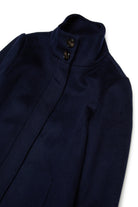 Aシェイプの長袖ウール混コート。フレアシルエットとミニマルなデザインが、寒い日にぴったりの実用的で洗練された一着。高めの襟は体を保護し、スタイルにアクセントを加える。
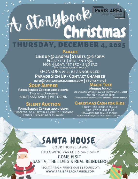 To register for the Christmas Cash for Kids drawing, fill out and submit the form below, or download a copy of the registration form, fill it out and email to info@parisareachamber.com
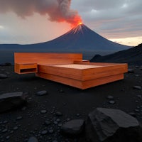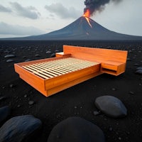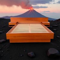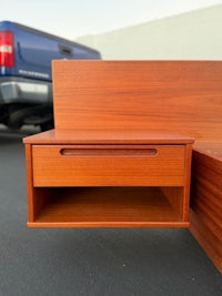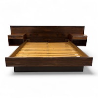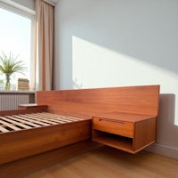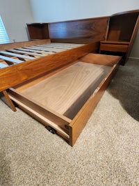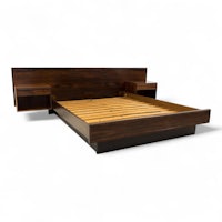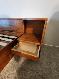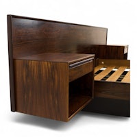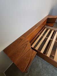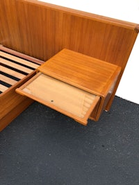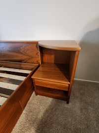 Teak wood chosen for these pieces has a really special flame pattern to the wood grain figuring on the headboard and nightstands! There is one large storage drawer that rolls under the bed. The bed can be configured to have to the drawer on either side. The nightstands are curved along the top edge and run congruent with the headboard.
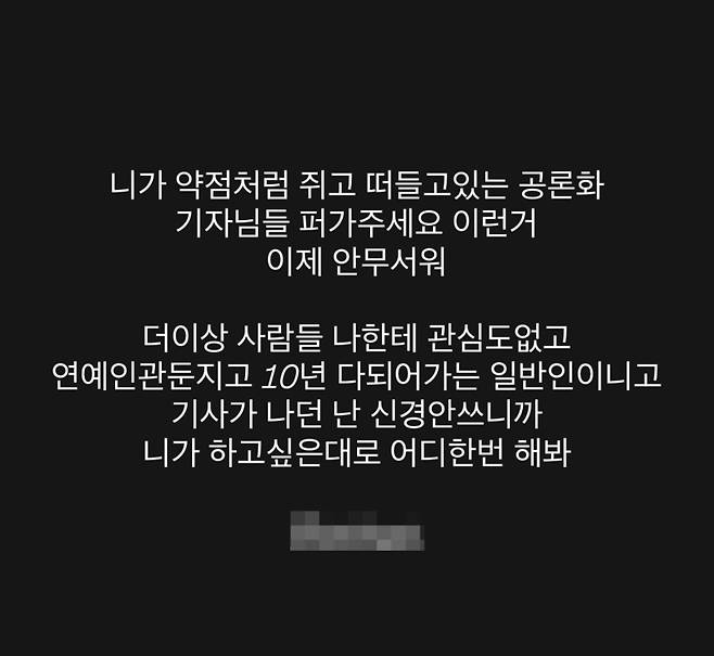 동호는 또 “네가 뭐가 불안해서 그러는지는 모르겠지만 그렇게까지 일 시끄럽게 만들고싶으면 그렇게 해”라며 “공론화 이제 안 무섭다. 연예 활동 그만 둔 지도 10년 다 되어가는 일반인이다. 기사가 나와도 신경 안 쓰니 하고 싶은대로 다 해보라”고 강경한 입장을 내비쳤다.
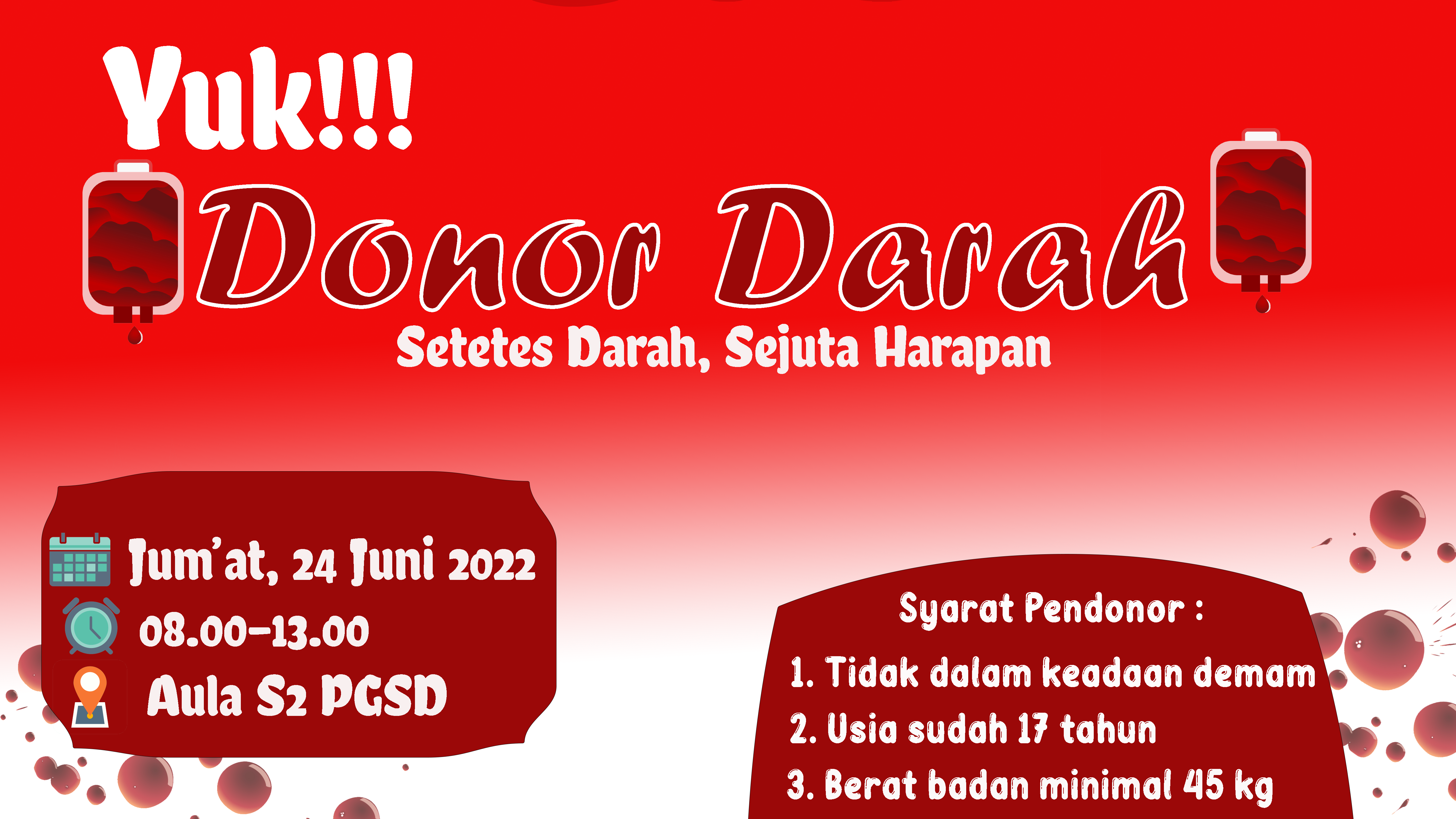 Dalam rangka memperingati Dies Natalis Himpunan Mahasiswa Program Studi Pendidikan Guru Sekolah Dasar, Pengurus Hima PGSD menyelenggarakan kegiatan Donor Darah yang akan dilaksanakan pada tanggal 24 Juni 2022 di Kampus 2 FKIP UNTAN (PGSD), Jl. Karya Bhakti. Kegiatan Donor Darah ini terbuka untuk seluruh mahasiswa Program Studi PGSD dan juga untuk khalayak umum.
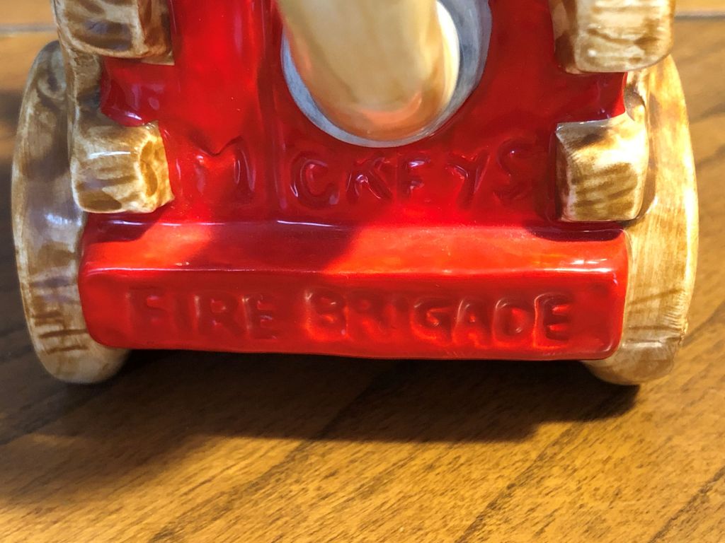 Only the word ‘Disney’ is given for the copyright/branding with ‘Mickey’s Fire Brigade’ engraved into the rear of the pot. No manufacturer is credited so dating is problematic.
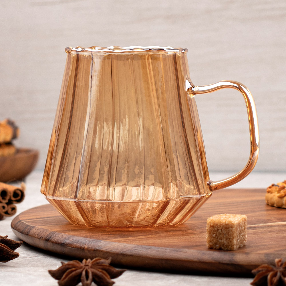 Цвет - янтарный. Внешняя поверхность - гладкая, внутренняя - ребристая. Вес кружки - 123 г.
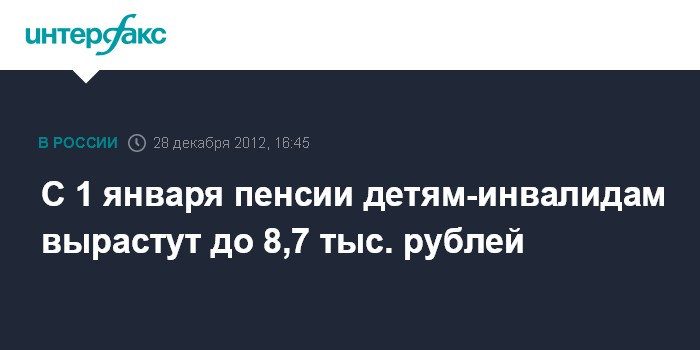 С 1 января пенсии детям-инвалидам вырастут до 8,7 тыс. рублей
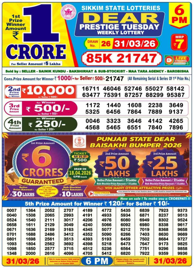 Dhankesari Today Result 1.4.2026 Lottery Sambad 1PM, 6PM and 8PM: Good day my dear friends there you are at the site named to be as Dhankesrai lottery which is one of the most fastest website where daily been updated with lottery sambad results and my dear friends there you are daily getting the chance to win many cash prizes like first prize of 1 crore rupees so friends this special post can be updated with the most popular Dhankesari lottery results 11am morning, 4pm day and 8pm evening result and its the another last day of the month 31st of March 2026 so its days peoples most searched and awesome sambad lottery which will be alwyas been knwon to be as Dhankesari lotteries and you know that in this post will be always updated in the best timing at 1:10pm, 6:10pm and 8:10pm.
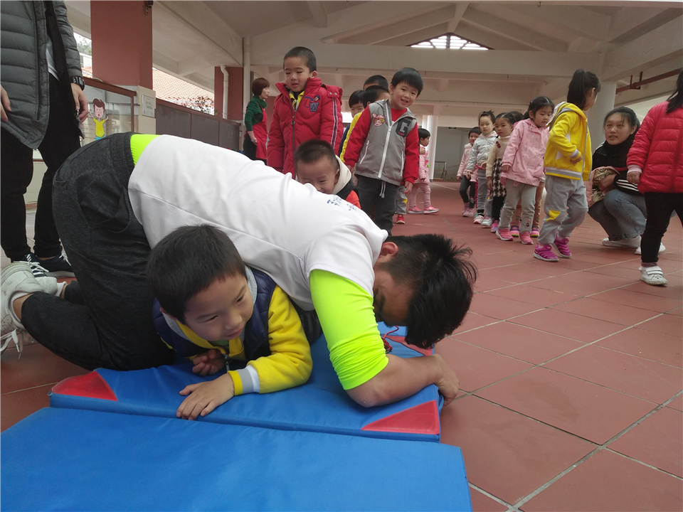 集体的成功闯关让大家信心满满,正在大家手舞足蹈的时候,第二关挑战之“毛毛虫过山洞”就开始啦,音乐响起,“毛毛虫”们要在小虎哥哥这座“大山”下,蜷缩身体,让自己钻过“山洞”。瞧,有的“毛毛虫”一开始不慌不忙,但在过“山洞”时突然变得“举步维艰”,但是一直用力地往外钻,最终成功地通过了考验,有的“毛毛虫”则采取速战速决的策略,轻松地钻过了“山洞”。
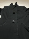 H&M classic look black button down over coat size US 10 / EUR 40 pinstripe lining 2 outer, open pockets plus a hidden, zip closure, breast pocket! warm and roomy! shell 98% cotton / 2% spandex lining 100% polyester made in china machine wash warm only non chlorine bleach when needed line dry or dry clean lightly used but wholly loved!-- Please see photos for measurements and condition details. Feel free to ask any questions or for more pictures if needed! **be sure to check out my other clothing listings for similar styles and sizes! pre owned items may show normal signs of use-- if see any stains, rips, etc., I will do my best to provide photos. do not hesitate to ask for more information if needed and feel free to combine orders to save on shipping!

========================================

WORK ORDER:
Reproduce exactly, and only, the lines from the opening line of the listing above through the line holding "Teak wood chosen", minus the pictures.

EXPECTED ANSWER:
 Aシェイプの長袖ウール混コート。フレアシルエットとミニマルなデザインが、寒い日にぴったりの実用的で洗練された一着。高めの襟は体を保護し、スタイルにアクセントを加える。
 To register for the Christmas Cash for Kids drawing, fill out and submit the form below, or download a copy of the registration form, fill it out and email to info@parisareachamber.com
 Teak wood chosen for these pieces has a really special flame pattern to the wood grain figuring on the headboard and nightstands! There is one large storage drawer that rolls under the bed. The bed can be configured to have to the drawer on either side. The nightstands are curved along the top edge and run congruent with the headboard.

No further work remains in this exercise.